Exercise goal — For this task, copy all of the data below exactly and skip the pictures.

Data provided —

■ ■ ■

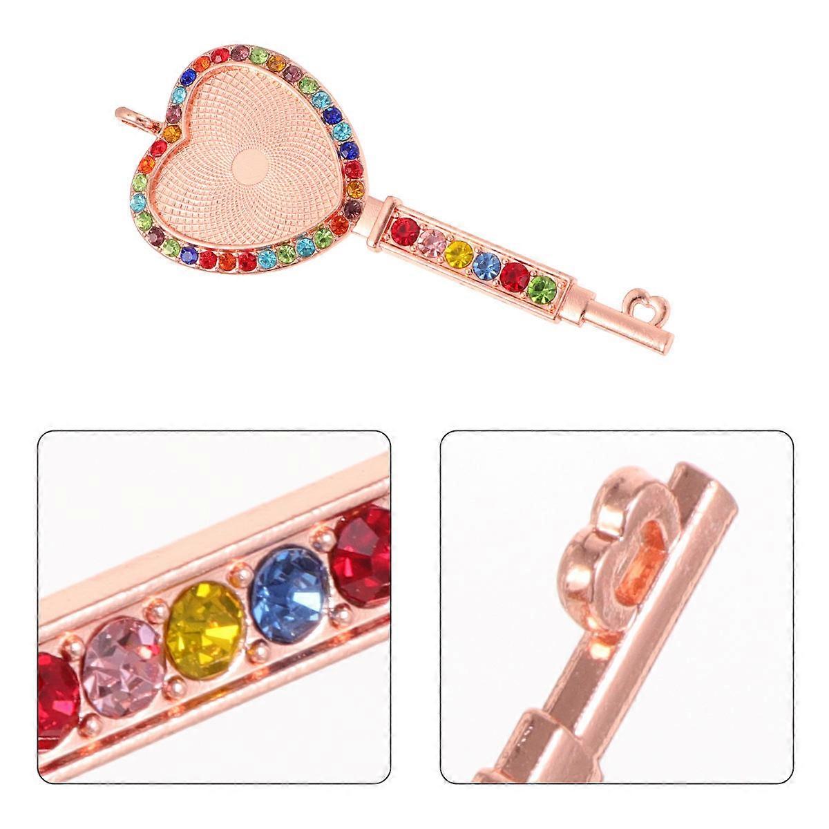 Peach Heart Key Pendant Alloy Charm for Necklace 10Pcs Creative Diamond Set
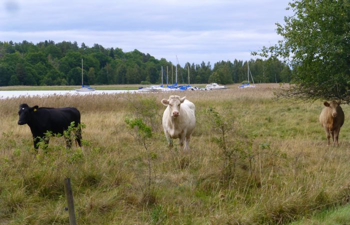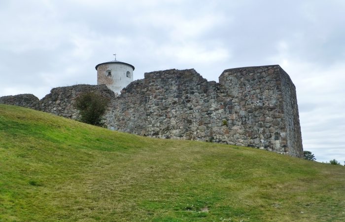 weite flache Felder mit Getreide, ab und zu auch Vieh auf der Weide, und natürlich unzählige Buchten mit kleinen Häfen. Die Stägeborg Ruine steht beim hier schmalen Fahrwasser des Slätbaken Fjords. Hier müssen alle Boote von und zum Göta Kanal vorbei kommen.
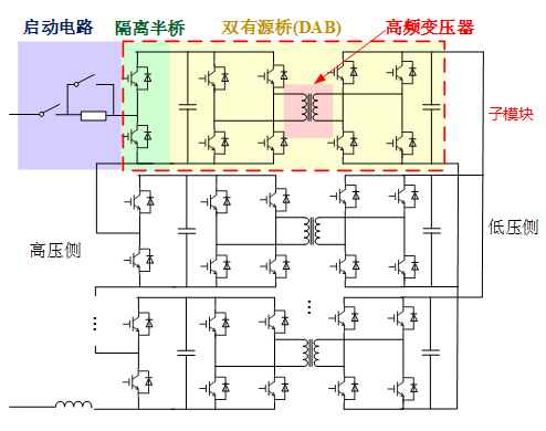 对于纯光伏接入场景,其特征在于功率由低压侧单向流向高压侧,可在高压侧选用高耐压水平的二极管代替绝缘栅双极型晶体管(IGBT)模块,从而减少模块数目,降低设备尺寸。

■ ■ ■

Task solution —
 Peach Heart Key Pendant Alloy Charm for Necklace 10Pcs Creative Diamond Set
 weite flache Felder mit Getreide, ab und zu auch Vieh auf der Weide, und natürlich unzählige Buchten mit kleinen Häfen. Die Stägeborg Ruine steht beim hier schmalen Fahrwasser des Slätbaken Fjords. Hier müssen alle Boote von und zum Göta Kanal vorbei kommen.
 对于纯光伏接入场景,其特征在于功率由低压侧单向流向高压侧,可在高压侧选用高耐压水平的二极管代替绝缘栅双极型晶体管(IGBT)模块,从而减少模块数目,降低设备尺寸。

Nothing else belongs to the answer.